Selena berkata dengan lirih. Hari itu adalah hari di mana Harvey dan Agatha bertunangan. “Nona Selena, apa ada masalah?”
“Tidak ada.”
“Baiklah kalau tidak ada. Di sini ada beberapa hal yang perlu diperhatikan, tolong jaga dirimu baik—baik
selama beberapa hari ini.” Dokter Ciko memberikan beberapa lembar catatan kepada Selena. Kemudian, dokter bersikap seolah-
olah dia sedang teringat sesuatu dan bertanya lagi, “Saya dengar ayah Anda juga sedang opname?

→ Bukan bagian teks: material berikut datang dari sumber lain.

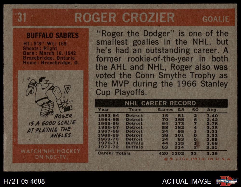 1972 Topps #31 Roger Crozier 4 - VG/EX
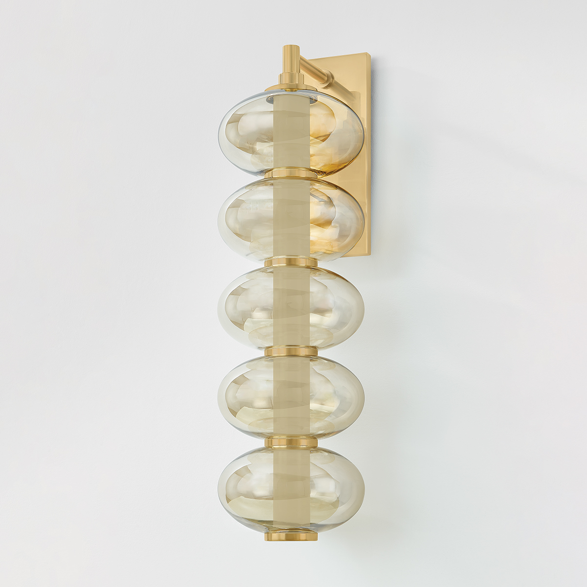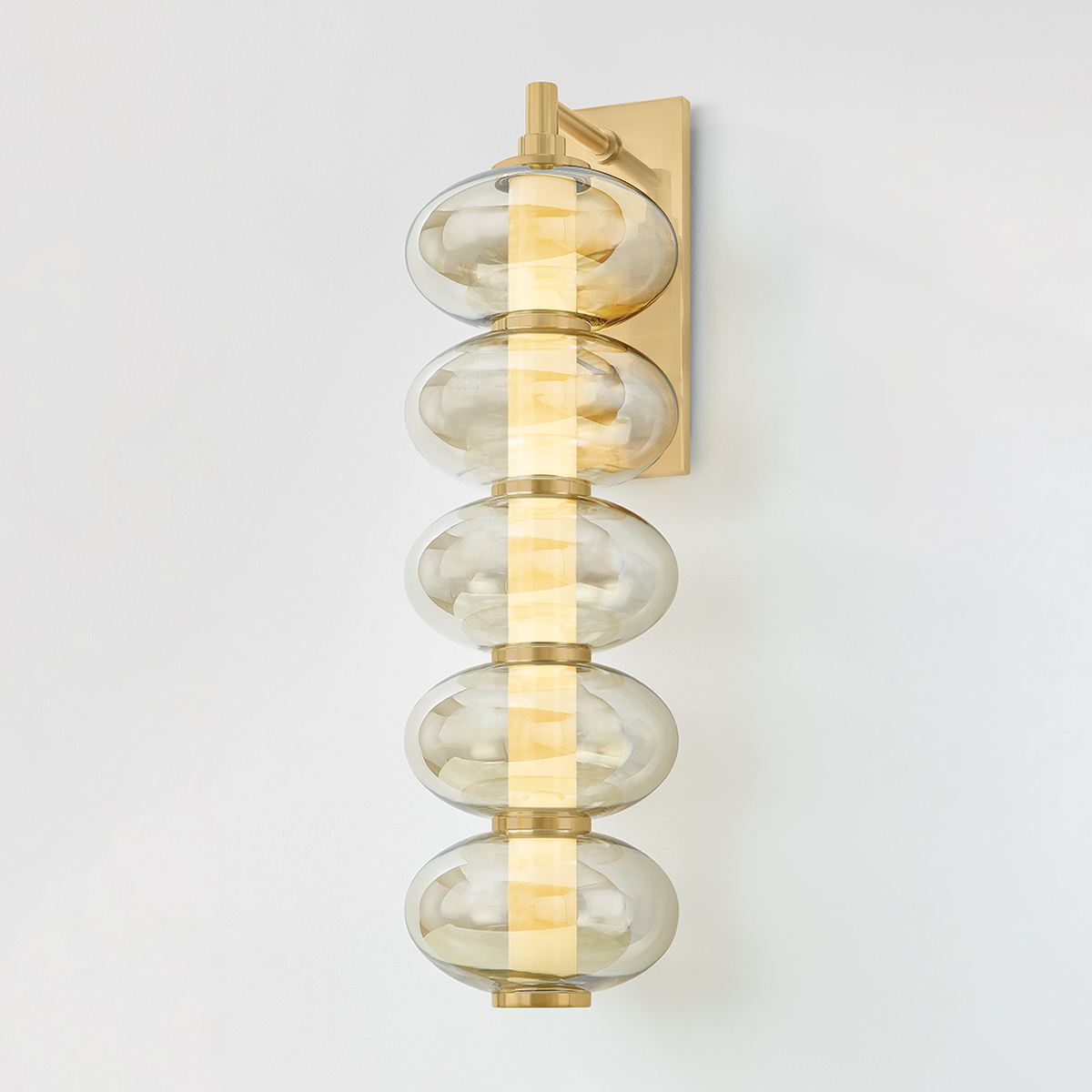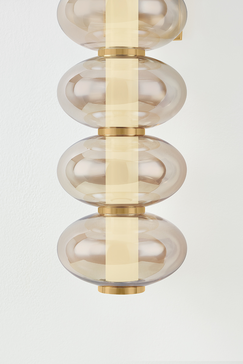Drawing influence from the modernist era, Toulouse features sleek LED tubes surrounded by stacked oval-shaped glass orbs. The moody light bronze glass shades create bubble-like stacks, separated by Vintage Brass cuffs. Available as a sconce and a chandelier in two sizes, Toulouse is perfect for those who appreciate maximalist style with a contemporary twist.
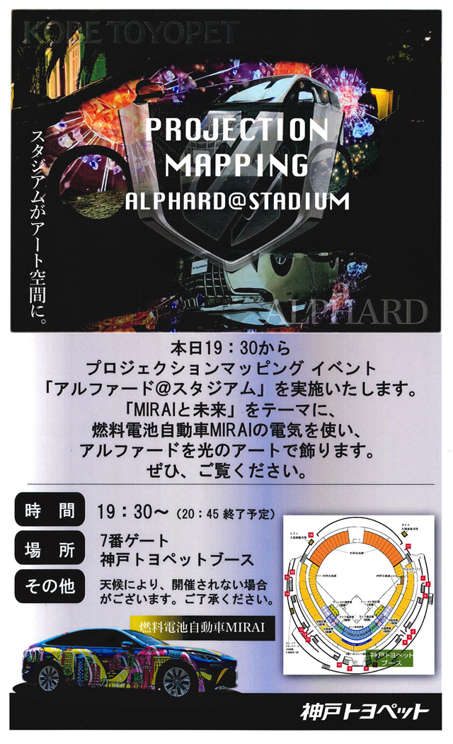 また、当日の19:30頃から、このMIRAIで発電した電気を使ってトヨタの最上級ミニバン『アルファード』にプロジェクションマッピングを行います。

Kelak, jika butuh tanda tangan keluarga untuk konfirmasi risiko, siapakah yang akan
menandatanganinya?”
Wajah Maisha melintas di pikirannya. Selena menahan rasa tidak nyaman yang dia rasakan dan menjawab, “Saya tidak punya keluarga, apa teman juga bisa?”
“Lebih baik masih dalam lingkup keluarga dekat. Bisa juga suamimu. Nona sudah menikah, ‘kan? Suamimu di mana?”
“Saya sudah bercerai.”
“Lalu mantan suami Nona
Selena langsung memotong perkataan dokter itu. “Saya tidak punya mantan suami, saya sebatang kara.”
Dokter Ciko menggosok—gosok hidungnya dengan canggung. “Maaf, saya sudah mengatakan hal yang membuat Anda sedih.”
Selena tidak menunjukkan ekspresi apa pun di wajahnya, bahkan sedih pun tidak. “Tidak apa—apa, tohi saya juga senang karena dia sudah mati.”